Coordination and Dissemination
Currently, the national health management information system in Uganda lacks the ability to report on ASRH and track adolescent reproductive health statistics. Data on 10- to 14-year-old adolescents (AYA's focus audience) is not compiled separately, nor is it disaggregated by gender or by service received. This is also the case for most health service NGOs in Uganda. AYA will develop a simple database and reporting formats to collect ASRH statistics that can be easily integrated into the Ministry of Health's existing information system. AYA will work with its partners to increase the availability of ASRH service and programmatic data among the NGOs and other community-based organizations. It will also train in-country partner staff in the analysis and use of data to make programmatic decisions.
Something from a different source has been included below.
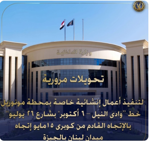 تقوم الإدارة العامة لمرور الجيزة بتعيين الخدمات المرورية اللازمة لمواجهة أى كثافات مرورية متوقعة وتسيير حركة المرور وذلك لتنفيذ أعمال إنشائية خاصة بمحطة مونوريل خط “وادى النيل – 6 أكتوبر” بشارع 26 يوليو بالإتجاه القادم من كوبرى 15 مايو إتجاه ميدان لبنان.. مما يستلزم غلق كلى بشارع 26 يوليو بالإتجاه القادم من كوبرى 15 مايو إتجاه ميدان لبنان لمدة 3 أيام إبتداءً من يوم الجمعة الموافق 9-1-2026وحتى صباح يوم الأحد الموافق 11-1-2026 على أن تكون الأعمال بدءاً من الساعة 12 صباحاً وحتى الساعة 5 صباحاً.. وإجراء تحويلات مرورية على النحو التالى:

Youth Participation As part of AYA, youth will manage existing social marketing networks. In Uganda, formal youth leaders are found in two groups: public sector youth council leaders and community youth group leaders. AYA has begun working with both groups to develop instruments and curricula for AYA program implementation, and is training youth leaders in ASRH issues, basic management, and leadership skills. Once trained, these youth leaders will provide advice to plan youth programming and allocate resources to ASRH in selected districts, sub-counties, and communities.

Sustainability AYA believes that program sustainability is promoted through the participation of young people in leadership and management of youth-friendly services, as the primary beneficiaries of the services. An innovative matching grant program will be implemented through selected in-country partners to generate more funding for ASRH. The matching grant will encourage the institution to prioritize and allocate its own resources to ASRH, and consequently generate commitment to program issues.